Early dumping is more common and includes systemic and abdominal symptoms. Systemic manifestations include palpitations, tachycardia, fatigue, a need to lie down following meals, flushing or pallor, diaphoresis, lightheadedness, hypotension, headache, and possibly syncope. Abdominal symptoms include early satiety, epigastric fullness or pain, diarrhea, nausea, cramps, bloating, and borborygmi. Early dumping begins within 30 minutes following a meal and is attributable to bowel distention, relative hypovolemia, GI hormone hypersecretion, and autonomic dysregulation. Late dumping is characterized by symptoms that occur 1 to 3 hours postprandially. Symptoms of late dumping consist of perspiration, faintness, decreased concentration, and altered levels of consciousness, among others. These symptoms are related to a reactive hypoglycemia that occurs 1 to 3 hours postprandially. Patients with late dumping often have early dumping as well.
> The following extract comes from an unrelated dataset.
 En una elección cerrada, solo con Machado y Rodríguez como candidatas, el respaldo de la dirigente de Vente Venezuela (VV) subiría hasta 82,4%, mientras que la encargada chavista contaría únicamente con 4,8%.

Most patients with DS have mild to moderate symptoms, but some patients have disabling symptoms that may be severe enough to cause protein-energy malnutrition. The differential diagnosis of DS includes gastroparesis, partial small bowel obstruction, anastomotic stricture, postvagotomy diarrhea, inflammatory bowel disease, irritable bowel disease, and bacterial overgrowth. Dumping symptoms are triggered by rapid gastric emptying of hyperosmolar voluminous chyme that causes bowel distention, hypermotility, and splanchnic blood pooling. This leads to both the GI and vasomotor symptoms that characterize early DS. Hormones play an important role as mediators of this pathophysiologic response (e.g., vasoactive intestinal peptide [VIP], serotonin, bradykinin, norepinephrine). Late dumping involves a reactive hypoglycemia brought on by the rapid and high initial glucose load presented to and absorbed by the small intestine, leading to a GLP-1–mediated inappropriately high insulin response and hypoglycemia.
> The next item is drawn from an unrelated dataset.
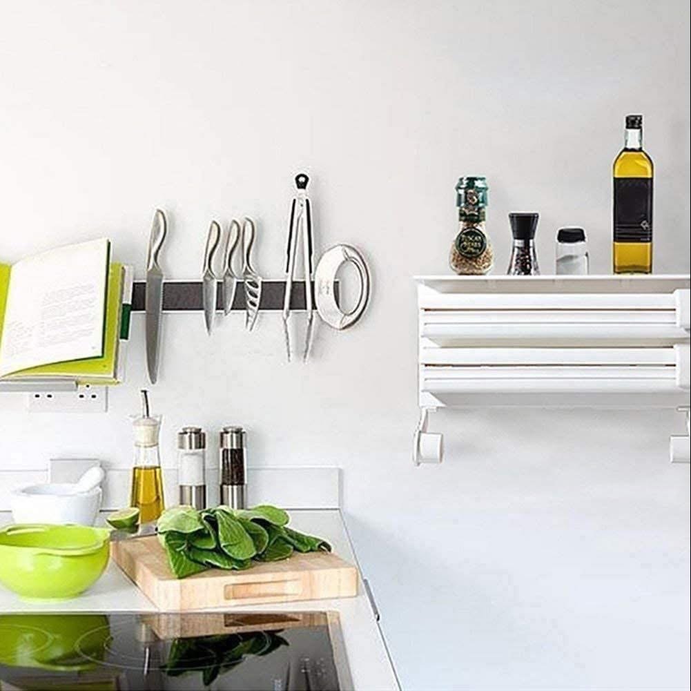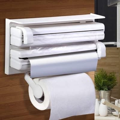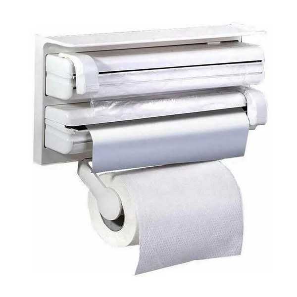 Mbajtës muror 3-në-1 për letër kuzhine dhe fletë plastike me prerëse të integruara.

An oral glucose challenge will confirm the diagnosis of DS. Patients fast for 10 hours overnight and then ingest 50 g of glucose. It is reported to have a sensitivity and specificity of up to 100% and 94%, respectively. The diagnosis of early DS in a patient with clinical symptomatology may also be confirmed with a scintigraphic gastric emptying study, in which greater than 50% of an isotope-labeled solid meal has emptied within 1 hour.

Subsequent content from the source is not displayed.